Azerbaijan enters territory ceded by Armenia after peace deal

Azerbaijan’s president on Friday announced that his military had entered into and taken control of the Aghdam region, a territory ceded by Armenia in Russian-brokered peace deal last week that ended six weeks of military conflict over the Nagorno-Karabakh region. 

“Today, with a feeling of endless pride, I am informing my people about the liberation of Aghdam,” Azerbaijani President Ilham Aliyev said in an address to the country, according to The Associated Press.

“Aghdam is ours!” he added. 

Aghdam is the first area to be handed over as part of the peace agreement, which stipulated that Armenia give control of some areas outside Nagorno-Karabakh’s borders to Azerbaijan. 

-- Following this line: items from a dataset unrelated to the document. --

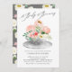 A na moda Baby Girl está a fazer design de chá de noiva com uma taça de cinza cheia de um buquê de peonias cor-de-rosa, sobre um fundo branco. Sacudir nosso design para ver uma floral coordenada de volta para um toque especial extra. Visite nosso compro para ver nossa coleção de chá.
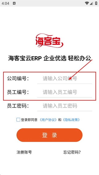 1、在海客宝云ERP的服务协议与隐私条款弹窗里,点击同意按钮,即可进入登录页面。
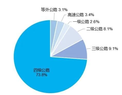年末全国国道里程38.40万公里,省道里程40.41万公里。农村公路里程459.86万公里,其中县道里程69.67万公里、乡道里程124.28万公里、村道里程265.91万公里。
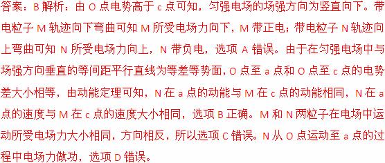 £¨2013°²»Õ½ÄÏʮУÃþµ×£©ÈçͼËùʾ£¬Í¼ÖÐÐéÏßΪÔÈÇ¿µç³¡ÖÐÓ볡ǿ·½Ïò´¹Ö±µÄµÈ¼ä¾àƽÐÐÖ±Ïߣ¬Á½Á£×ÓM¡¢NÖÊÁ¿ÏàµÈ£¬Ëù´øµçÁ¿ÊýÖµÒ²ÏàµÈ£¬ÏÖ½«M¡¢N´ÓÐéÏßÉÏOµãÒÔÏàͬËÙÂÊÉä³ö£¬Á½Á£×ÓÔڵ糡ÖÐÔ˶¯µÄ¹ì¼£·Ö±ðÈçͼÖÐÁ½ÌõʵÏßËùʾ¡£µãa¡¢b¡¢cΪʵÏßÓëÐéÏߵĽ»µã£¬ÒÑÖªOµãµçÊÆ¸ßÓÚcµã¡£Èô²»¼ÆÖØÁ¦£¬Ôò £¨ £©
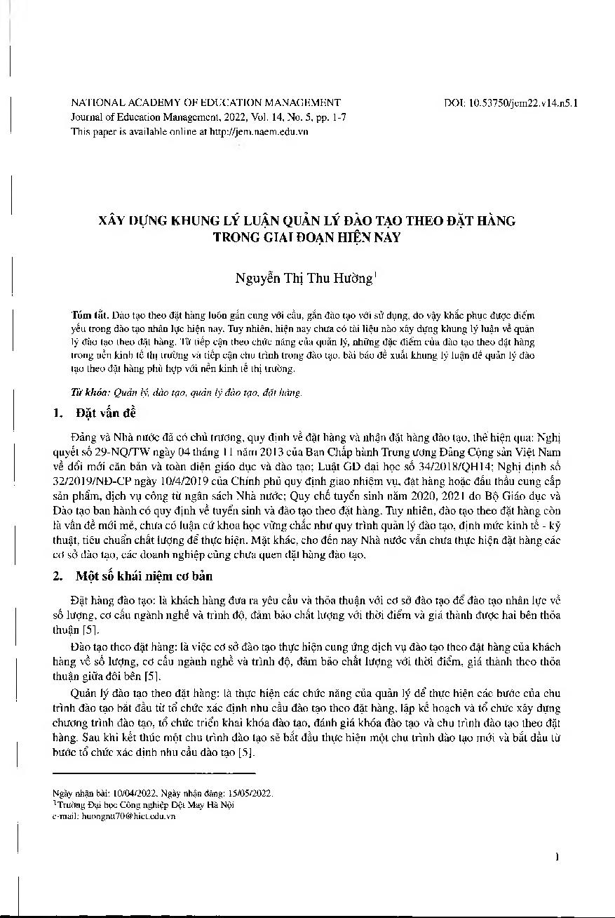 Xây dựng khung lý luận quản lý đào tạo theo đặt hàng trong giai đoạn hiện nay = Building theoretical framework of training management according to current orders

Nagorno-Karabakh lies within Azerbaijan but has been controlled by Armenian forces since the end of a separatist war there in 1994, resulting in decades of tensions between the two nations. 

The most recent fighting, which began on Sept. 27, was the biggest escalation of the conflict, with the AP reporting that hundreds and potentially thousands of people had been killed. 

The U.S. helped negotiate a previous cease-fire between the countries last month, but the agreement fell apart within minutes.

On Friday, Aliyev said that Azerbaijan was able to take control over the Aghdam region “without a single shot [fired] or losses [suffered]” and called it a “great political success” that would not have been possible without military gains.

Following the peace agreement last week, Armenian Prime Minister Nikol Pashinyan said the truce was achieved “basing on the deep analyses of the combat situation and in discussion with best experts of the field.” 

“This is not a victory, but there is not defeat until you consider yourself defeated. We will never consider ourselves defeated and this shall become a new start of an era of our national unity and rebirth,” he added. 

While the peace deal was largely celebrated in Azerbaijan, mass demonstrations erupted in the Armenian capital of Yerevan last week in opposition to the agreement. 

The AP reported that some ethnic Armenians had left the territories set to be handed over to Azerbaijan, setting their houses on fire in protest.